Solve a linear programming problem with non-negativity constraints.

Question: Solve a linear programming problem with non-negativity constraints.

Answer: Linear programming is a mathematical technique used to optimize a linear objective function subject to linear constraints. Non-negativity constraints require that the decision variables must be greater than or equal to zero.

Let's consider an example of a company that produces two products, A and B. The company has limited resources of 100 units of labour and 80 units of raw material. Product A requires 2 units of labour and 1 unit of raw material, while product B requires 1 unit of labour and 2 units of raw material. The profit per unit of product A is £5 and for product B is £4. The company wants to maximize its profit.
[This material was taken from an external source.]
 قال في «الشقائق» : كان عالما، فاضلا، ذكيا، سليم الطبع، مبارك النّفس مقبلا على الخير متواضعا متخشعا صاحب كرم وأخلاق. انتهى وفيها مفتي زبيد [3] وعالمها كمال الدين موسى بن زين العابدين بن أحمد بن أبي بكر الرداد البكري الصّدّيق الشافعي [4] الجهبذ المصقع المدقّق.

Let x be the number of units of product A produced and y be the number of units of product B produced. Then the objective function is:

Maximize Z = 5x + 4y

Subject to the constraints:

2x + y ≤ 100 (Labour constraint)
x + 2y ≤ 80 (Raw material constraint)
x ≥ 0, y ≥ 0 (Non-negativity constraints)

We can graph these constraints on a coordinate plane and find the feasible region, which is the region that satisfies all the constraints. The feasible region is the shaded area in the graph below:


The optimal solution occurs at the corner point of the feasible region that maximizes the objective function. We can find this point by calculating the value of the objective function at each corner point:

At (0, 0): Z = 5(0) + 4(0) = 0
At (0, 40): Z = 5(0) + 4(40) = 160
At (50, 0): Z = 5(50) + 4(0) = 250
At (20, 30): Z = 5(20) + 4(30) = 190

To understand further how linear programming can be applied in various fields, explore these additional resources on optimization problems, the theory behind applications of linear programming, and how it can be applied in real-world applications.

A-Level Maths Tutor Summary: In this example, we use linear programming to maximise profit for a company making products A and B with limited labour and materials. By plotting constraints and non-negativity on a graph, we find the best solution is making 50 units of A and none of B, yielding £250 profit. This process demonstrates optimizing decisions within given limits.